== RECORDS ==
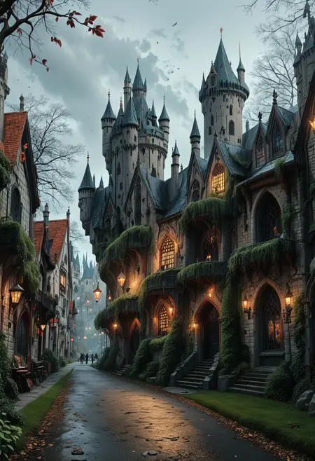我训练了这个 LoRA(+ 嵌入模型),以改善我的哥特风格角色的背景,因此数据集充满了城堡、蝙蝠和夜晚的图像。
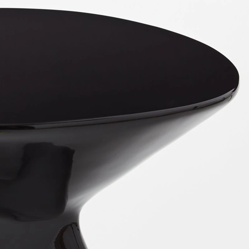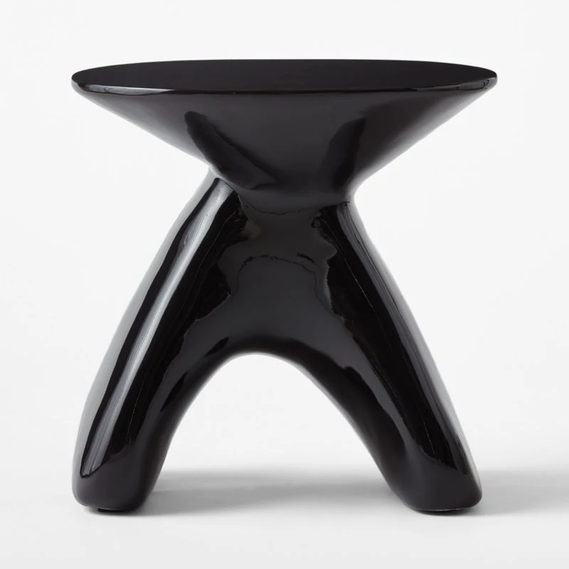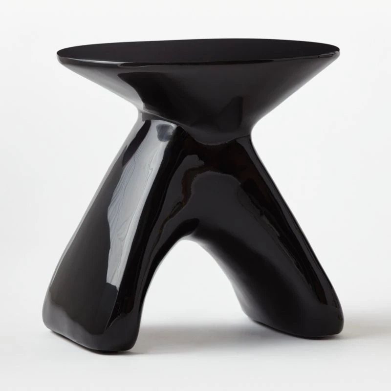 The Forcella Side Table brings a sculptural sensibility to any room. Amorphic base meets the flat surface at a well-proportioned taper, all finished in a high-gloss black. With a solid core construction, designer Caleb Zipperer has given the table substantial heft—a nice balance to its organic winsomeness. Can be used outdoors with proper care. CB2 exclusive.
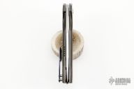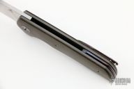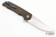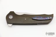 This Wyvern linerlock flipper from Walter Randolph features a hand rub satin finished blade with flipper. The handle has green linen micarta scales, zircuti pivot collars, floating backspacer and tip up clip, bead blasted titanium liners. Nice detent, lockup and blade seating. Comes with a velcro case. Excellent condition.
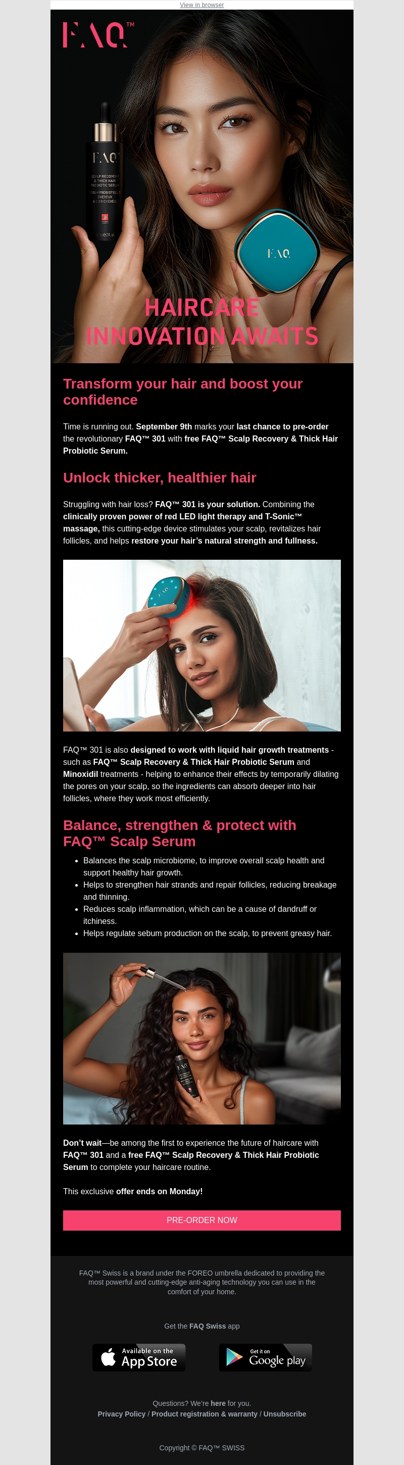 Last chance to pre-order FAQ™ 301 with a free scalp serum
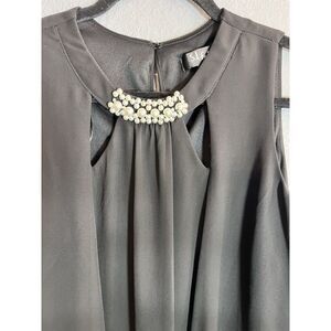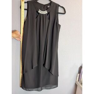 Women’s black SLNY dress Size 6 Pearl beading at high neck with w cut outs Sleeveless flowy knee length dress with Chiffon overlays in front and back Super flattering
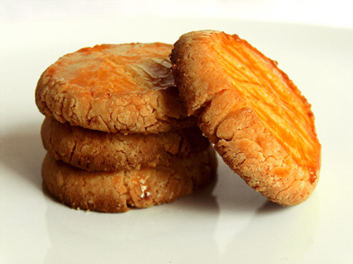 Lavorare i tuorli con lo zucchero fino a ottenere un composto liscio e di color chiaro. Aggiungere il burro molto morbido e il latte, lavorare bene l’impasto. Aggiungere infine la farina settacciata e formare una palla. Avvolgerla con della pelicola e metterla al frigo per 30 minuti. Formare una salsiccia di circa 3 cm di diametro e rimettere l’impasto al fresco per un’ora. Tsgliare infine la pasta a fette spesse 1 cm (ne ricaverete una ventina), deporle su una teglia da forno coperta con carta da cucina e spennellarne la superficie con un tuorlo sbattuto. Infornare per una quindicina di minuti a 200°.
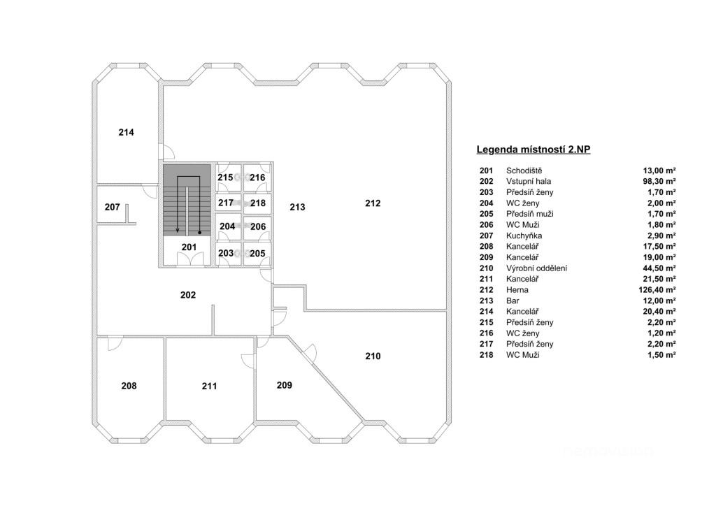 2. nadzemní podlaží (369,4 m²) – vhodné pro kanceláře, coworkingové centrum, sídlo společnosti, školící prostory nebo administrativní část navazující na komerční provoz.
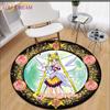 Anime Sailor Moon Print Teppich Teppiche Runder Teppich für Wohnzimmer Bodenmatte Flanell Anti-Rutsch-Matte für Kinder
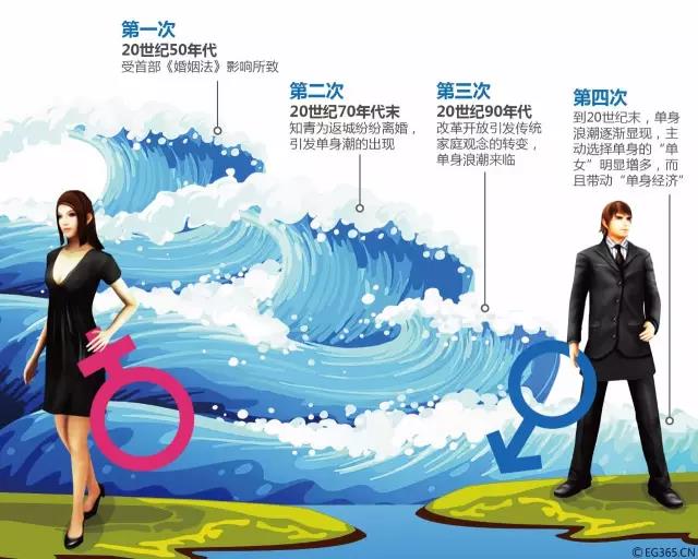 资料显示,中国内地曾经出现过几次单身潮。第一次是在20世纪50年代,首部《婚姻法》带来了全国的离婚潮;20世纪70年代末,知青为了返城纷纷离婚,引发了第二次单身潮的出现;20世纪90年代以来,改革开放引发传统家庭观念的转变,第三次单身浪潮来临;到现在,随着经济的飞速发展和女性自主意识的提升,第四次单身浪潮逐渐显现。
===
== RECORDS ==
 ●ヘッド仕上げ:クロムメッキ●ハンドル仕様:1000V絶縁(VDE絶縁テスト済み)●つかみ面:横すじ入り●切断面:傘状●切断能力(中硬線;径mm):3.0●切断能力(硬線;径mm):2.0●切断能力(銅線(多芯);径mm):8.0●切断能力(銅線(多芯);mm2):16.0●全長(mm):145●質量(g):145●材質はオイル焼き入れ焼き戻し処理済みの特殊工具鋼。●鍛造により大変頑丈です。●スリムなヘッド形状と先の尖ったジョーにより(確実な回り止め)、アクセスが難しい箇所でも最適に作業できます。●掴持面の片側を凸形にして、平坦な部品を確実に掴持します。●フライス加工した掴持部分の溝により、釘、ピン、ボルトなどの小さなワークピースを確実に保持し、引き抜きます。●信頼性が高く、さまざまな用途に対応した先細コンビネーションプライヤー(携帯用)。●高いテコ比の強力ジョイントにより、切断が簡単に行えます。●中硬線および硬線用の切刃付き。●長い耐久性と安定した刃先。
===
An exact copy is needed of the stretch above that opens with the line containing "我训练了这个 LoRA(+ 嵌入模型),以改善我的哥特风格角色的背景,因此数据集充满了城堡、蝙蝠和夜晚的图像。" and closes with the line containing "Women’s black SLNY"; the pictures are not part of it.

### [WRITTEN SOLUTION]
我训练了这个 LoRA(+ 嵌入模型),以改善我的哥特风格角色的背景,因此数据集充满了城堡、蝙蝠和夜晚的图像。
 The Forcella Side Table brings a sculptural sensibility to any room. Amorphic base meets the flat surface at a well-proportioned taper, all finished in a high-gloss black. With a solid core construction, designer Caleb Zipperer has given the table substantial heft—a nice balance to its organic winsomeness. Can be used outdoors with proper care. CB2 exclusive.
 This Wyvern linerlock flipper from Walter Randolph features a hand rub satin finished blade with flipper. The handle has green linen micarta scales, zircuti pivot collars, floating backspacer and tip up clip, bead blasted titanium liners. Nice detent, lockup and blade seating. Comes with a velcro case. Excellent condition.
 Last chance to pre-order FAQ™ 301 with a free scalp serum
 Women’s black SLNY dress Size 6 Pearl beading at high neck with w cut outs Sleeveless flowy knee length dress with Chiffon overlays in front and back Super flattering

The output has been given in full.